What are the inspirations for Jugem? ⇒ The most focused point is the products have to be comfortable and have necessary spec for city use (mot too high spec) and we focus on the sizing, features such as pockets and the need to use the product as a gear for everyday lifewear.
What is your favourite way to use the Furoshiki? ⇒
I use this item as a picnic sheet mainly.
Can you tell us about the type of down you use? ⇒ We use down from Europe - 1000Fill power goose down.
Why is using the right down important to you? ⇒
With the right down we use there are less grams so the jackets will be very light to wear but still has enough warmth too.
What about other fabrics? ⇒ We use mainly nylon and polyester fabrics with technical functionality.
Do you prefer being in the mountain or by the river? ⇒
I prefer being by the river.
Could you tell us about the design and manufacture process of Jugem? ⇒
We first focus on what kind of function we need when wearing each item and then we make proto samples and wear them ourselves to check if the function will be necessary or not.
Gabriel’s notes:
One thing about Tokyo you learn pretty fast is that nothing is ever on street level. That exclusive shoe shop? Level 6 bro. The highly recommended, tik tok famous nail salon? It’s in the basement of the subway, just left past the escalators.

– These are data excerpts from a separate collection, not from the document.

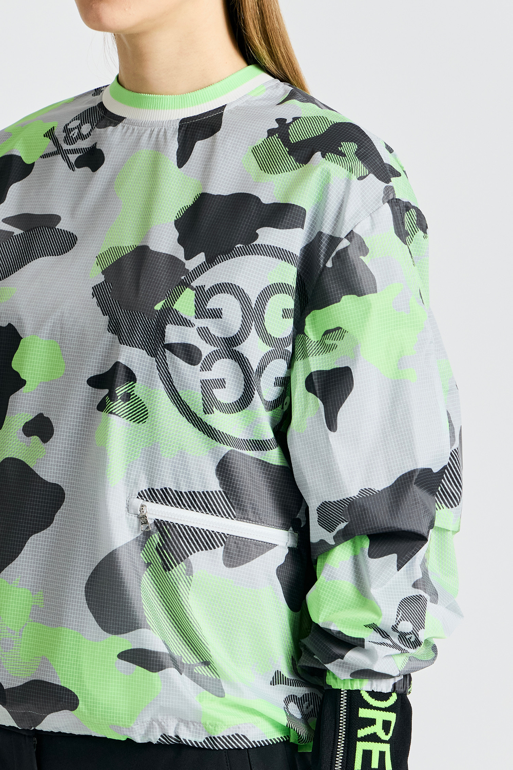 시즈널 까모 패턴의 라운드 우븐 풀오버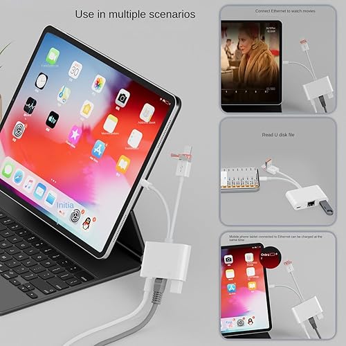 3 IN 1 Ethernet Adapter◆This Wired Ethernet Adapter for iPhone/iPad with USB 3 Camera Reader+Charging Port.Compatible with iPhone 14/13/12 mini/12 Pro / 12 Pro Max /11 / 11 Pro / X / XS / XS Max/XR/ 8/8 Plus/7/7 Plus,Support Surfing internet and Charging at the same time..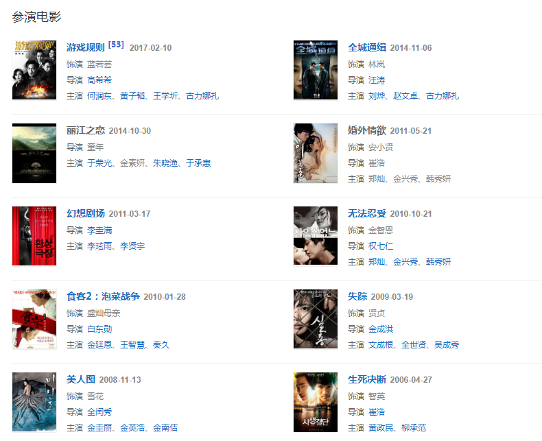 2017年2月,與何潤東、古力娜扎等合作主演動作片《游戲規(guī)則》 ;7月,與于曉光共同出演SBS綜藝節(jié)目《同床異夢2-你是我的命運》 ;12月,與于曉光合作演唱歌曲《是你啊》 。
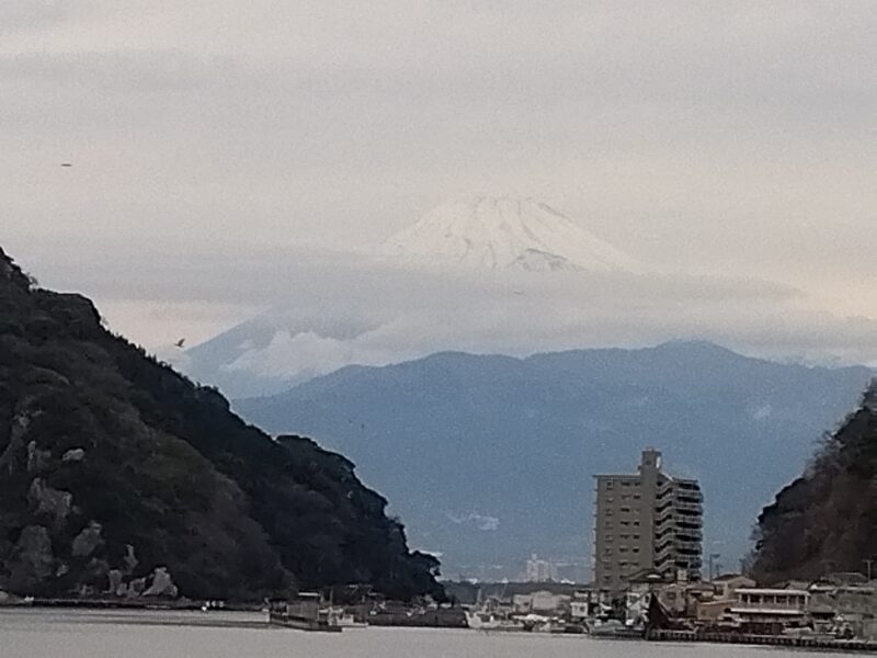 朝雲に隠れていました富士山がうっすらと姿を現わしてくれました。

Much like that, I found Jugem on level six of a neat and tidy building just outside of Roppongi. It’s a well to do area, full of international embassies and like all of Tokyo, obsessively clean. The Sakura cherry blossom hit yesterday and today is the first day the world has seen the class of 2024. It’s raining but for some reason in Tokyo that seems fitting.
The lift doors open and I am faced with a simple office entrance with a single phone and near piles of delivery receipts. Through the glass I am spotted by three men who immediately rush to help me in. Bottles of ice cold water are brought to me, people bow. I try to bow the appropriate amount, I probably don’t nail it.
One of the three men I meet is Takeya. Takeya is the founder of Jugem, a technical clothing brand made for city and travel use. I’m happy. His English is good. He can speak in full sentences which is fair amount more than I can do in Japanese. I can tell you who I am, and that I would like a water please. (Gabriel desu, Mizo kudasai) The other two men speak no English, so they wait for Takeya to interpret everything I say. The delayed laughs to my jokes are appreciated.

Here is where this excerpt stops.